Friday, January 25, 2013

President Obama extends former President George W. Bush's tax cuts for the rich, 12/17/10. (photo: Saul Loeb/AFP/Getty Images)
President Obama extends former President George W. Bush's tax cuts for the rich, 12/17/10. (photo: Saul Loeb/AFP/Getty Images)

A Fine Speech

By Frank Rich, New York Magazine
24 January 13
 
Every week, New York Magazine writer-at-large Frank Rich talks with assistant editor Eric Benson about the biggest stories in politics and culture. This week: Obama's inaugural, the GOP's debt-ceiling surrender, and the future of abortion rights.
resident Obama's second inaugural address has been widely praised by liberals for championing "collective action" and advocating for gay rights, climate-change legislation, and progressive immigration reform. This speech was one of Obama's clearest articulations of his progressive worldview, rivaling the effectiveness of Bill Clinton's turn at the Democratic Convention. Will it matter?
A fine speech, but only actions matter, of course. There are limits on what any president can achieve when (a) Congress is held hostage by radicals of the other party and (b) he will be a lame duck in about eighteen months. Any progress on climate change and on gun control may well depend on whatever Obama can accomplish through executive actions. On immigration reform, the president has the leverage to achieve more. Even the present-day GOP isn't enough of a suicide cult to keep antagonizing and demonizing the fast-growing Hispanic electorate that threatens its very existence. It's also possible that the president's rhetorical elevation of gay rights, including marriage rights, to the pantheon of historic American civil rights battles, equating Stonewall with Selma and Seneca Falls, may have some impact on John Roberts, the legacy-minded chief justice. As I've said before, I doubt Roberts wants to go down in history as the jurist who blocked equality for gay Americans, particularly since full equality increasingly looks inevitable. Obama's formulation crystallized the crossroads at which Roberts finds himself: He can be the Earl Warren of Brown v. Board of Education or Roger Taney, whose court delivered the infamous Dred Scott decision before the Civil War.
Conservatives were largely critical of Obama's inaugural address, with John McCain saying he wished the president had done a "little more outreach" and Paul Ryan accusing him of "shadowbox[ing] a straw man." Does the GOP reaction tell us anything about what's going to happen over the next year and a half?
So what else is new? It would have been shocking if they had liked the speech; they've loathed Obama from day one. Indeed, it's somewhat alarming to learn that Newt Gingrich was the rare Republican to praise the president, calling the address not particularly liberal and extolling "95 percent" of it as "classically American." It's enough to make one fear that Newt, ever the opportunist and something of a pariah in his own party after his vitriolic assault on Romney and Bain, has a new political reinvention up his sleeve. The Democrats batten down the hatches.
House Republicans are expected to pass a bill later today that would ignore (but not raise) the debt ceiling, with May 18 selected as the next false doomsday deadline.
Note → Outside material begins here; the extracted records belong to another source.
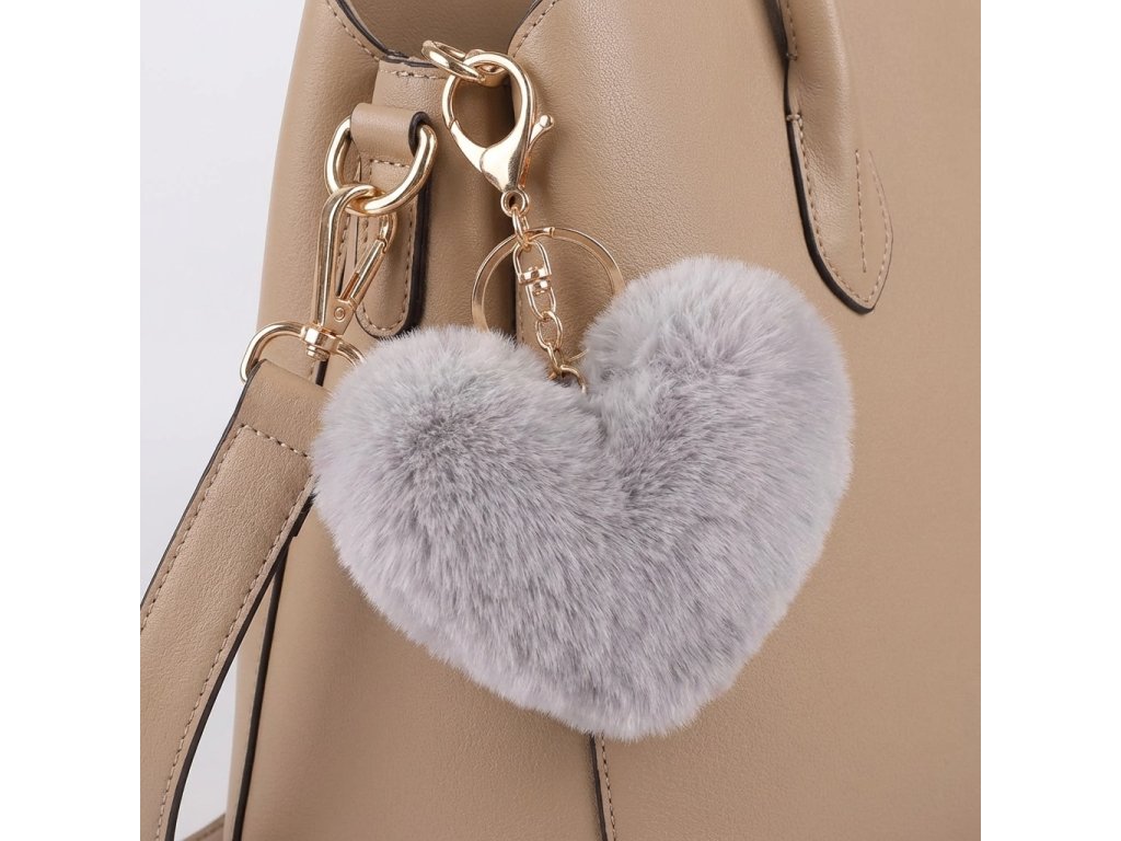 Hledáte doplněk, který je roztomilý a zároveň šik? Tato pompom klíčenka ve tvaru srdce je přesně tím pravým kouskem. Její povrch tvoří hustá a nadýchaná imitace králičí kožešiny, která si zachovává svůj tvar a objem. Světle šedý odstín dodává klíčence sofistikovaný nádech, díky čemuž se hodí i jako ozdoba na luxusnější kabelky nebo mobilní telefony.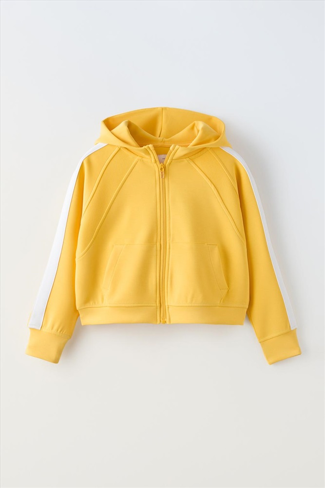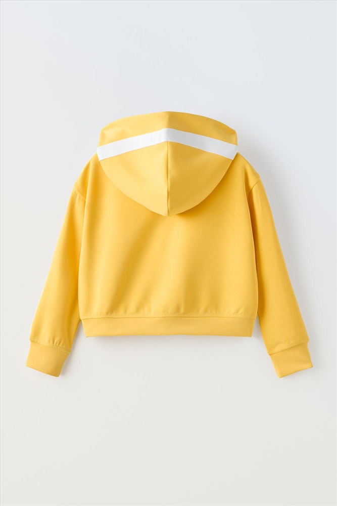 Hooded jacket with long sleeves. Zip-up front. Front pouch pockets. Contrast-coloured stripe detail on the sleeves. COMPOSITION, CARE & ORIGIN COMPOSITION OUTER SHELL 49% polyester LINING 49% polyester Which contains at least: OUTER SHELL 49% RCS certified recycled polyester LINING 49% RCS certified recycled polyester CERTIFIED MATERIALS RCS CERTIFIED RECYCLED POLYESTER Nowadays, recycled polyester is mainly made from PET plastic waste. This is a type of plastic that is widely used in a variety of items, such as plastic bottles. Using recycled materials helps limit the production of virgin polyester fibre. It is certified to the Recycled Claim Standard (RCS), which verifies the recycled content and tracks it from source to final product. Certified by Intertek 193341 More information CARE Caring for your clothes is caring for the environment. To keep your jackets and coats clean, you only need to freshen them up and go over them with a cloth or a clothes brush. This process is more gentle on fabrics and also reduces water and energy consumption when washing.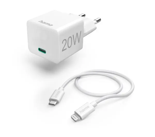 <h2>HAMA ŁADOWARKA SIECIOWA MINI PD/Qualcomm® 20W, + Typ-C - Lightning, BIAŁA</h2><p>Szukasz ładowarki, która będzie bardzo wydajna i pozwoli ładować telefon z ogromną prędkością? Zdecyduj się na ten produkt, w trosce o stan Twoich urządzeń.</p><h2>Dostosowany do Twojego urządzenia</h2><p>Ładowarkę z mocą wyjściową 20 W kupisz w zestawie z kablem USB-C do Lightning. Kompaktowy kształt umożliwi dopasowanie się do różnego rodzaju gniazdek, nawet w wymagającej przestrzeni. Całość jest odporna na uszkodzenia mechaniczne. Możesz korzystać z produkt na całym świecie, dzięki złączu sieciowemu 100-240 V.</p><h2>Postaw na szybkie dostarczanie energii</h2><p>Czy możliwe jest naładowanie 60% baterii w 30 minut? Z tą ładowarką tak, ponieważ obsługuje ona technologię szybkiego dostarczania energii Power Delivery. Cały proces będzie optymalny, a urządzenia optymalnie naładowane. Masz gwarancję ochrony akumulatora, ponieważ całość jest zabezpieczona przed zwarciem i przeładowaniem.</p><h2>Specyfikacja</h2><h2>Dane techniczne</h2><ul> <li>Kolor: biały</li> <li>Długość kabla: 1 m</li> <li>Max moc wyjściowa: 20 W</li> <li>Obsługa technologii szybkiego ładowania PowerDelivery</li> <li>Kabel USB-C do Lightning</li> <li>Gwarancja: 2 lata</li></ul><h2>Korzyści dla Ciebie</h2><ul> <li>Szybkie ładowanie urządzeń</li> <li>Kompaktowy kształt</li> <li>Ochrona akumulatora</li></ul><h2>Dlaczego Hama?</h2><p>Jesteśmy niemieckim producentem i dystrybutorem akcesoriów oraz sprzętu elektronicznego. Działamy w wielu obszarach, śledzimy trendy technologiczne i już od niemal 100 lat tworzymy rozwiązania, które sprawiają, że codzienne życie jest po prostu łatwiejsze.</p><p>Artykuły Hama to niezawodne i certyfikowane produkty, które poddawane są restrykcyjnym testom przez nasz wewnętrzny dział zapewnienia jakości QC. Posiadają wszystkie wymagane prawem certyfikaty, dopuszczające je do handlu w Polsce, m.in. CE i TÜV. W konsekwencji wszystkie nasze produkty są w pełni bezpieczne dla swoich użytkowników.</p><p>Myślisz poważnie o akcesoriach, pomyśl o produktach Hama. Bez względu na to, jakie urządzenie posiadasz, z pewnością mamy do niego funkcjonalne uzupełnienie.</p>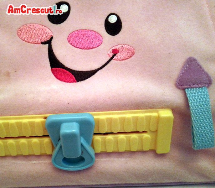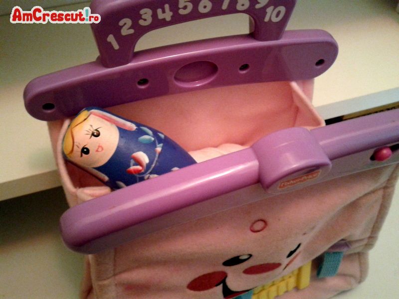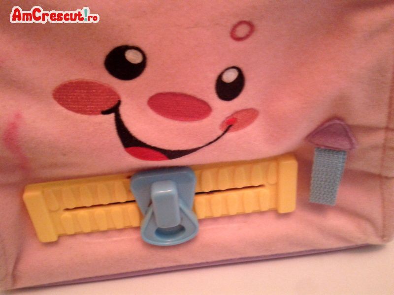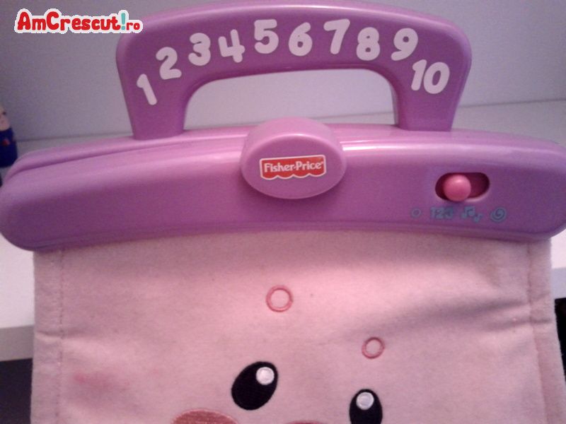 Dotata cu un fermoar urias. La desfacerea fermoarului se aud melodii si se numara pana la zece in limba engleza. Functioneaza cu 3 baterii mici. Dimensiuni lungime 26 cm, latime 22 cm la baza. Culoare roz cu desen vesel pe fata gentutei.

Was this a shrewd political move from the Party of No? Or was it, as tea-party Senator Rand Paul sees it, a GOP retreat?
Here is a sentence I won't be using often: Rand Paul is right. No matter how they try to spin it with Frank Luntz-approved language, the House Republicans have, as Paul put it, waved "the white flag of surrender," abandoning their previous imperative that any extension of the debt limit must be tied to matching budget cuts. This was the second GOP white flag between the election and the Inaugural, the first being the collapse of the Republican pledge to never raise taxes during the "fiscal cliff" standoff. This shows what the post-Kumbaya Obama can achieve with the wind of victory at his back, when he holds to his key principles, and when he abandons fantasies of bipartisan compromise with the Party of No.
Obama's inauguration coincided with the release of a new NBC-WSJ poll showing a small uptick in support for abortion rights on Roe v. Wade's 40th anniversary. (Overall, 70 percent of Americans now favor upholding Roe and a majority has long favored legal abortions.) But while Obama ran on abortion rights, he declined to mention them in his inaugural despite name-checking gay rights, immigrant rights, civil rights, and equal pay for women. How essential are abortion rights to the progressive platform? The Roberts court has already stood up for guns. What if it further chips away at choice?
It was an odd omission by Obama, but I doubt we should read anything into it, anymore than we should overinterpret his scant allusion to gun control. What is significant is that Bill McInturff, the Republican pollster who collaborates on the NBC-WSJ poll, pronounced the rise in Roe support as "profound." Not only did 70 percent favor upholding Roe, but 57 percent felt "strongly" about it. My own strong conviction is that abortion rights are essential, period; I find the notion that government would regulate women's health decisions appalling - as do most Americans, including libertarian conservatives in the Goldwater tradition. I think the uptick in Roe support happened because the 2012 tea party GOP senatorial candidates Todd Akin and Richard Murdock, with their outlandish remarks about rape, along with Rush Limbaugh's verbal assault on the Georgetown University law student Sandra Fluke, alerted American women to the growing threat to their reproductive rights. If the Roberts court undermines reproductive rights, it's tragic news for American women but it may further mobilize voters to support the party that will push back.